Monday, August 03, 2020

The Real Surprise is, there won't be an "October Surprise"


Greg Sargent is partly right:

In the end, it’s likely that Trump’s long trail of deliberate uses of the government to bolster his deceptions, agitprop and corrupt designs will itself undo any vaccine Hail Mary. Even if Trump does manage to rush forward such an announcement, why would voters trust him to carry forward the long and complex process to follow in good faith or out of any meaningful conception of what’s in the national interest?

But there are two primary factors working against Trump unveiling an "October surprise," and one is the value of an "October surprise."

1) Timing.

Even announcing the vaccine in October is too late.  If Trump can't announce it now, and back up his announcement with deliveries of vaccine even just to "front-line" workers in just the hardest hit states (14, at current count), it's too late and it's another empty lie.  Trump has trotted those out so fast and furiously (recently denying federal officers were leaving Portland, while claiming "hundreds of thousands" would soon descend on Chicago) now it's impossible to ignore them.  So for a vaccine "October surprise," it's now or never.  He can even proclaim it in September; but if deliveries aren't already on the way, fuggedaboutit.

It's actually not clear even Trump understands that:

While White House officials do not specifically mention the election during the board’s discussions, people familiar with the conversations say they ask regularly about October, a date that hangs over the effort.
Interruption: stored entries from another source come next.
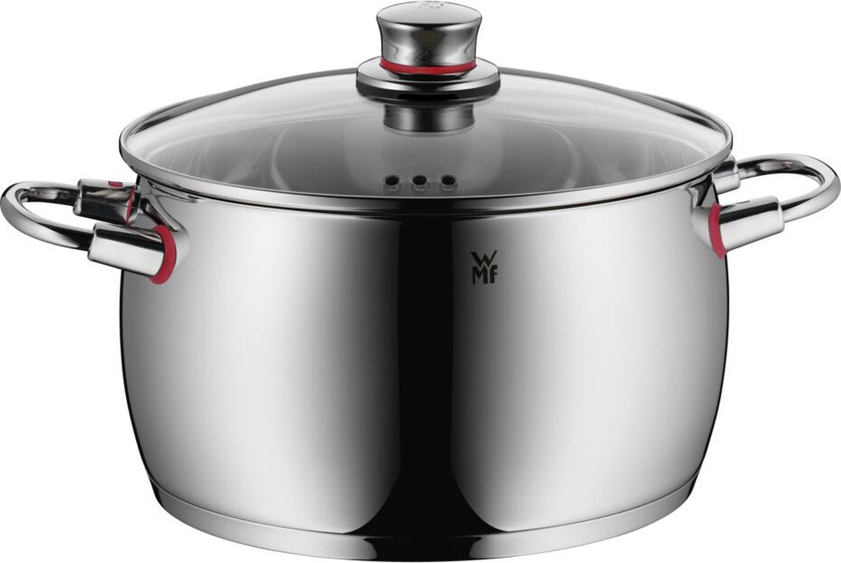 Discover the WMF Quality One cookware set: a complete set of five high-quality stainless steel pots designed for everyday use. Thanks to the patented Cool+ technology, the hollow handles remain cool during cooking, providing extra safety and comfort. The set is suitable for all heat sources, including induction, and combines sleek, modern design with durable materials. With the various sizes of cooking and saucepans, you have the right pot for every recipe at hand.
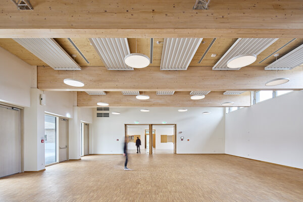 Das Bürgerhaus präsentiert sich im dörflichen Umfeld mit klassischer Ein- und Mehrfamilienhausstruktur als eingeschossiger Baukörper mit einer klaren, monolithischen Architektursprache. Der Neubau umfasst zwei Nutzungen, die sich synergetisch ergänzen: die freiwillige Feuerwehr und ein Bürgerhaus mit zwei unterschiedlich dimensionierten Sälen und großzügigem Foyer. Das Bürgerhaus definiert einen attraktiven Platz als sozialen Mittelpunkt und zentrumsbildenden Raum mit hoher Aufenthaltsqualität.
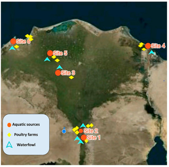 A surveillance study was conducted on the surface water bodies and fisheries located along the length of the Nile River in Giza, Cairo, to Delta provinces, Egypt, from which the different aquatic samples were collected during different seasons (from March 2019 through May 2020). In addition, poultry samples were collected from different poultry farms located within the same geographical zones in Giza and the Nile Delta, different districts from Port Said to Alexandria, approximately 1000 km along the middle coastal lines of the Mediterranean Sea (Figure 5).
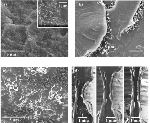 Fig. 3a shows the fracture surface of the extruded filament and the good dispersion of the MWCNTs in the polymeric matrix. It can be seen how MWCNTs are perfectly embedded in the matrix (insert). The beneficial effect of the CNTs in the printed samples is seen (Figs. 3b and 3c). Good dispersion of the reinforcements was maintained during the printing process. Some of the MWCNTs were partially pull-out during the breaking of the specimen, increasing the tensile strength of the final nanocomposite, but maintaining some of the length of the MWCNTs immersed in the matrix, indicating the good adhesion with the matrix.
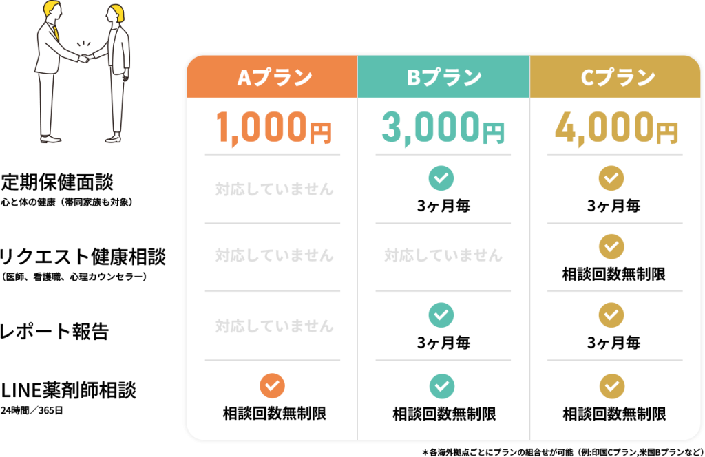 労働時間の確認を含む、3ヶ月ごとの定期的な心身の健康フォロー面談によって早期にリスク予測・ケアし、現地の時差に合わせた、日本人の医師・看護職・心理カウンセラー・薬剤師などの専門家とのチャットやオンライン面談を提供。海外赴任者を抱える企業様において、自社内のリソースでは難しい細やかなフォローを低コストで実現します。
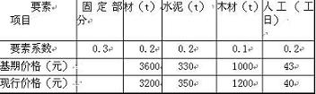 21.某工程施工合同規(guī)定用調(diào)值公式法對建安工程價款進行動態(tài)結(jié)算,某分部工程預(yù)算進度款為300萬元,相關(guān)調(diào)整要素和數(shù)據(jù)如下表所示,則調(diào)值后該分部工程結(jié)算款為( )萬元。
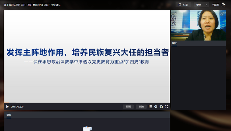 其次,政治组李文惠老师带来主题为《发挥主阵地作用,培养民族复兴大任的担当者——谈在思想政治课教学中渗透以党史学习教育为重点的“四史"教育》的专题讲座。
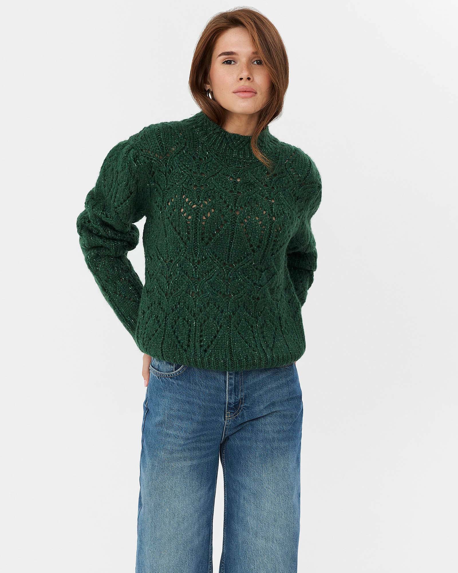 Однотонний вкорочений джемпер з перфорацією та коміром-стійкою. Модель прямого крою з довгими рукавами та опущеною лінією плечей.
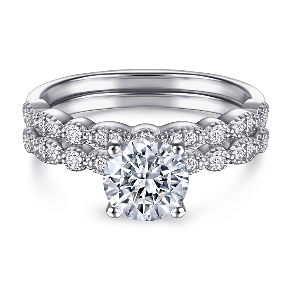 This Four Prongs Round Zircon with Beading Silver Ring Set for Women is a stunning set of jewelry that makes a beautiful addition to any outfit. Made with sterling silver. the set is comprised of a beading ring arm decorated with small zircon and a round zircon set in four prongs. You won't be able to resist the breathtaking beauty of this set.

Trump campaign advisers privately call a pre-election vaccine “the holy grail.”
Reality, however, is a cruel teacher.

Besides, teachers and students aren't going to get it, so what benefit will it really be to Trump?

2)  Efficacy.

It's little remembered now, but Salk pushed hard for his polio vaccine to get to market, even as Sabine moved cautiously to develop his.  If you've forgotten, or never knew, the Salk vaccine was an injection, and was developed from live poliomyelitis bacterium.  The Sabine vaccine used dead polio cells.  Both worked, but the pressure to produce and distribute the vaccine led to a catastrophe:  a lab insufficiently vetted and incapable of meeting requirements, produced vaccine with live polio, and distributed it.  Almost all the children vaccinated got polio, not protection from polio.  That was only one batch, and one time; but it was a horror that could not be repeated.  This is the primary reason vaccines take time to develop and get distributed.  And yet do not doubt the Trump administration prefers not to learn from that example:

Scientists have argued that it would be unwise to cut corners on a vaccine that is to be injected into some 300 million Americans, adding that a failed effort would fuel public distrust of vaccines generally.

But a senior White House official, who discussed the matter on the condition of anonymity, said that it would also be unethical to withhold an effective vaccine for an extra three or four months while more people died just to check the boxes of a more routine trial process.
That was the argument used against Sabine's approach and in favor of Salk's.  But Sabine's vaccine never gave anyone polio.

I'll admit I don't remember who paid for the Sabine vaccine I remember taking on a sugar cube (I'm fairly sure I had the Salk vaccine earlier in my life.  I had a lot of shots.  But nobody was taking chances on polio; belt and suspenders were the order of the day).  I just know it was paid for, and not, I think, by my parents.  The public health need was too great to leave vaccination to those who could pay.  That was a massive effort; it took time to organize and implement.  Even if Trump makes a vacuous claim in October (or September), who is going to see the benefit of it?  Nurses and hospital staff?  Deserving, surely, but what does that do for teachers, school staff, students, parents, grandparents?  Not a damned thing.  Surprisingly, not that many people suddenly change their minds based on promises that have no chance of being fulfilled until months later, if at all.

We need a vaccine; there is no question about it.  But even as it is distributed, the disease will persist. The dangers of contagion still exist until a majority of the world's population can be vaccinated.  The dangers of contagion within cities will persist until a majority of that city's population can be vaccinated, and a majority of the state residents, and a majority of the country.  We have 335 million people in this country, and in 6 months we've still only managed to test less than 10% of them, while our President insists it's our "excellent" testing that makes us think we have so many cases of covid-19.  If he starts bellowing about a vaccine that will save us all, I honestly wonder how many people will even listen.  The problem then is not what his premature announcement would do to the election outcome; it's what it would do to public health.